An introduction to Model-Based Systems Engineering

This area focuses on utilizing modern Model-Based Systems Engineering (MBSE) techniques for the integrated design, analysis and control of mechatronic systems. The studied models include architectural models, requirement and specification models, behavioural and simulation models, analysis and testing models, and modeling tool integration. Additionally, the system engineering aspect emphasizes integrated design and co-optimization for mechatronic systems. Our key strengths in this area include analysis and optimization of architectural and development models, formal verification of systems with uncertainties, safety and security, co-design of mechanical structures, control systems, and embedded implementations, design for sustainability, and exploitation of AI technologies.

About the research

Our work with MBSE includes the following directions:

  • Rigorous Systems Engineering develops a formal language framework for systems engineering of heterogeneous systems. A major focus is on contract theory and tools for reliability analysis and formal verification.
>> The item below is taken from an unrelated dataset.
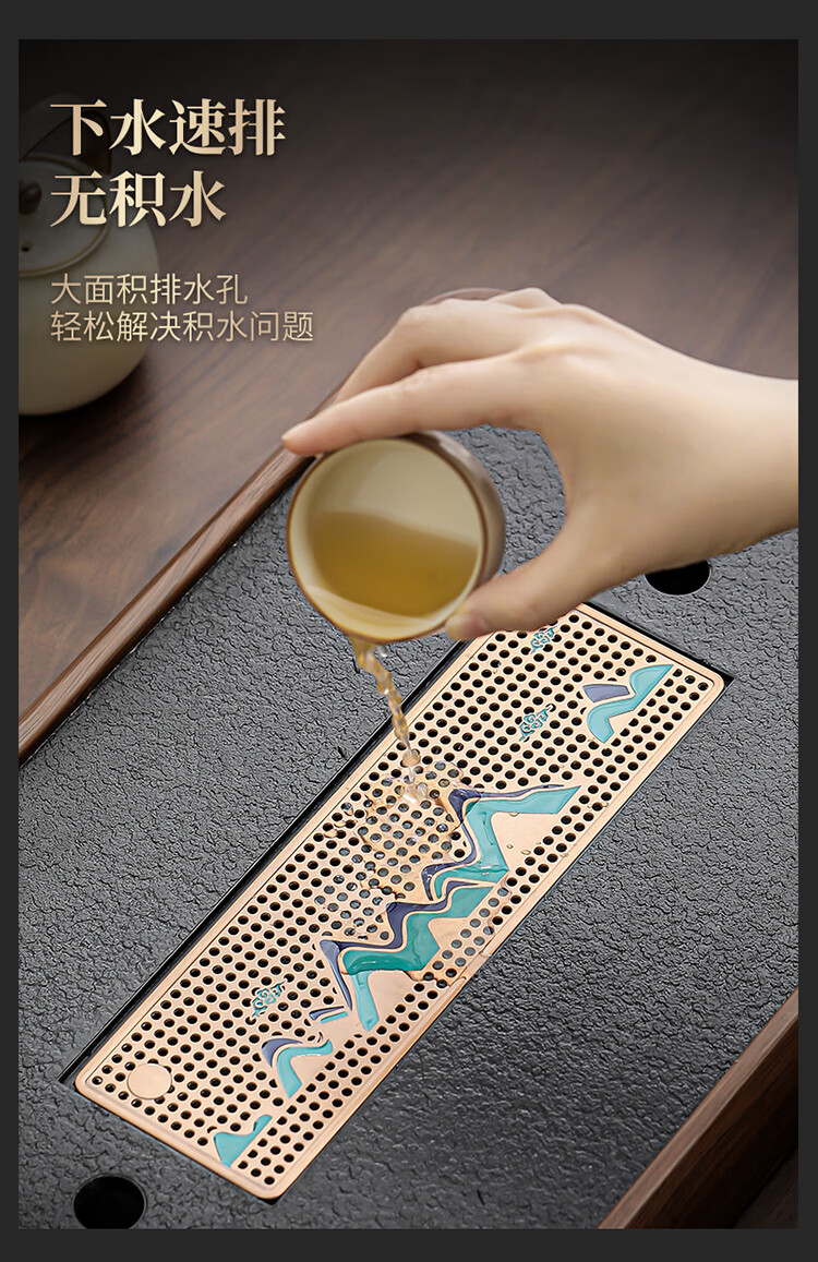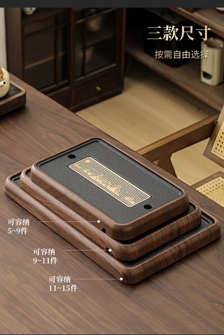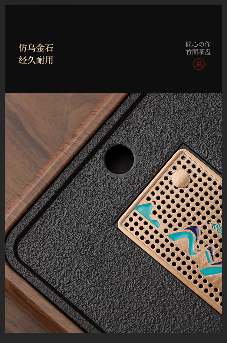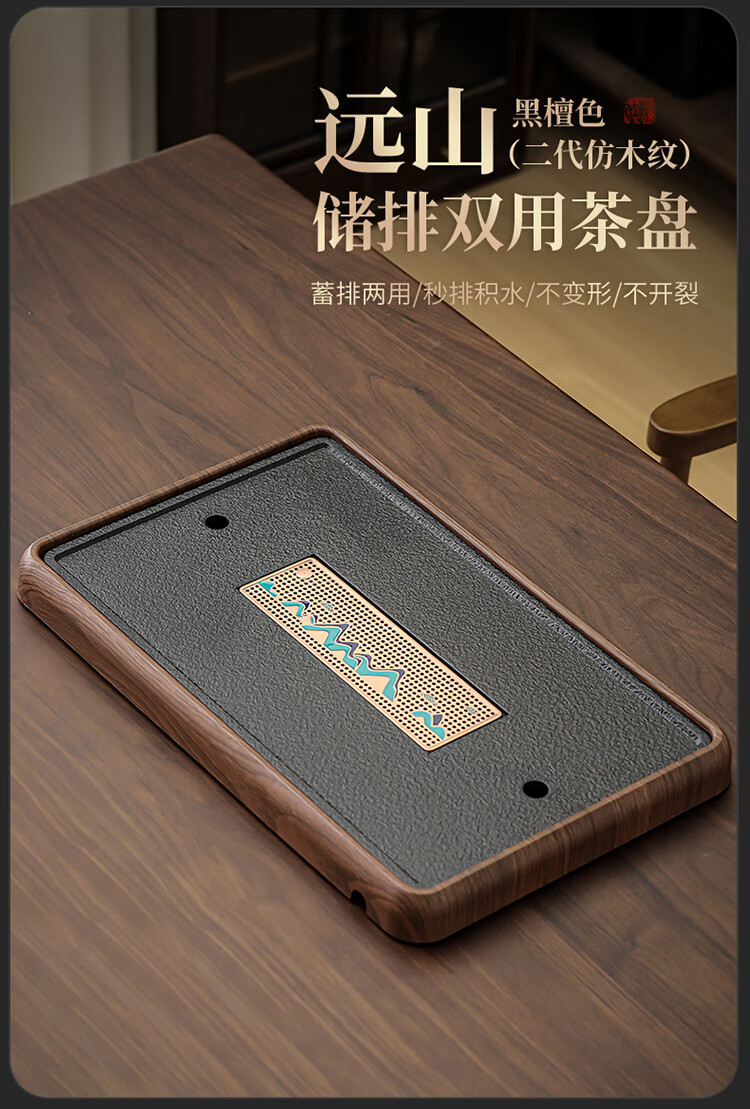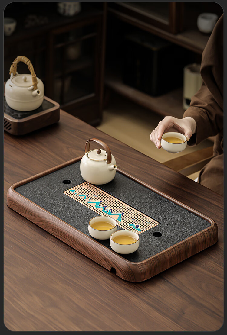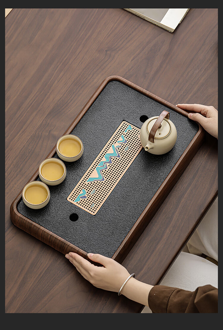 Black gold stone tea tray for home living room rectangular high-end kung fu tray small dry brewing tea table water storage type wood grain Yuanshan tea tray-39*26*5cm small size
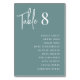 Simple and chic table number cards in dusty teal and white make an elegant statement at your wedding or event. Design features "table [number]" in handwritten script lettering, with individual guest names below in timeless serif typography. Design repeats on both sides.

The method especially considers systems with uncertainties and is supported by a software tool (SMP-tool).
  • Applications and innovations of formal models and methods (e.g. finite state automata, hybrid automata, the Markov decision process, temporal logic, model checking and discrete-event systems) to facilitate the architectural modeling, analysis, and optimization of cyber-physical systems.
  • Integrated design and co-optimization of mechatronic systems, including mechanical structure, control algorithms and embedded implementation.
  • Model-based safety and security analysis based on industrial standards, such as ISO26262 and SOTIF.
  • The integration of learning-based methods (e.g. deep reinforcement learning and automata learning) and traditional search-based methods (e.g. model checking and combinatorial optimization) for the verification, testing, optimization, and supervisory control of discrete-event processes.
  • Automation of software integration, testing, deployment and operations (DevOps) through the product lifecycle.

Research roadmap

  • Extend and refine research results on Rigorous Systems Engineering.
  • Improve the studies on architectural modeling, analysis and optimization for autonomous vehicles and trustworthy cyber-physical systems.
  • Integrate AI methods into our development process to make our methods efficient for large-scale problems with big data and uncertainties.
  • Promote our own tools, both to the scientific community and to industrial users.
  • Open the research direction on the integrated design and co-optimization of high performance and intelligent electric vehicles.
  • Apply MBSE to new research areas through collaboration, such as intelligent transportation systems, smart manufacturing, and collaborative robotics.

Projects

SALIENCE4CAV

The project is focused on safety assurance for CAVs (Connected automated vehicles) within an iterative development process supporting continuous deployment.

ADinSOS

The project is focused on the development of innovative methods and techniques for managing the anomalies of AI centric automated-driving systems.